WhatsApp and Telegram have become the two most popular instant online messaging these days. With their easy-to-share photos, documents, contacts, and location, along with their end-to-end encryption, WhatsApp and Telegram have become successful in holding their popularity among its users. Over time the belief among its users regarding their privacy policy has only increased. However, Symantec recently conducted research which showed that apps like WhatsApp and Telegram and the media files saved on smartphones would easily fall prey to malicious programs for them to modify even before users get to see the originals. The study also explained the reason for this.
According to the study, WhatsApp saves media files in public folders inside the phone storage. What this means os that malicious apps can easily access these files and modify them. The company published a blog post regarding this matter and showed how this attack might be carried out. They have also made public videos which show the various ways this can be exploited to manipulate media files saved in phone memory, using Man-in-the-Disk attacks.
Symantec clarified that WhatsApp for Android is vulnerable to this attack. However, for Telegram, the attack can only occur if the users enable the app’s ‘Save to Gallery’ feature. However, they have not mentioned if the same applies to the WhatsApp media as well.

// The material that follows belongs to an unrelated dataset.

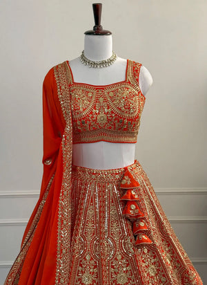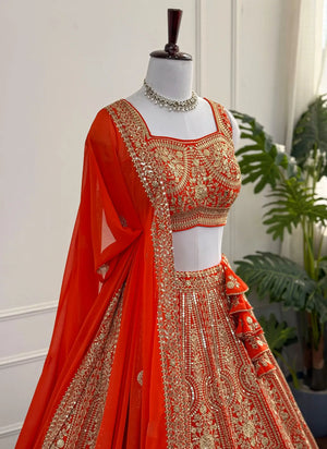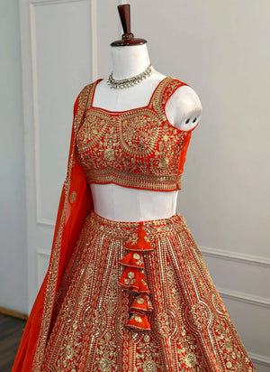 Home All Exquisite Orange Bridal Lehenga Choli Set

The company has mentioned that in cases of image manipulation, payment manipulation, audio message spoofing, and fake news this hack might be employed. Symantec suggests how app developers can prevent the hack. The app developers employe techniques such as verifying file integrity with hashes and checksums, storing media files in internal memory to prevent the hack. WhatsApp users can turn the toggle off in the Media Visibility setting. For Telegram, users can go to the Chat Settings, from there to Save to Gallery and turning the toggle off.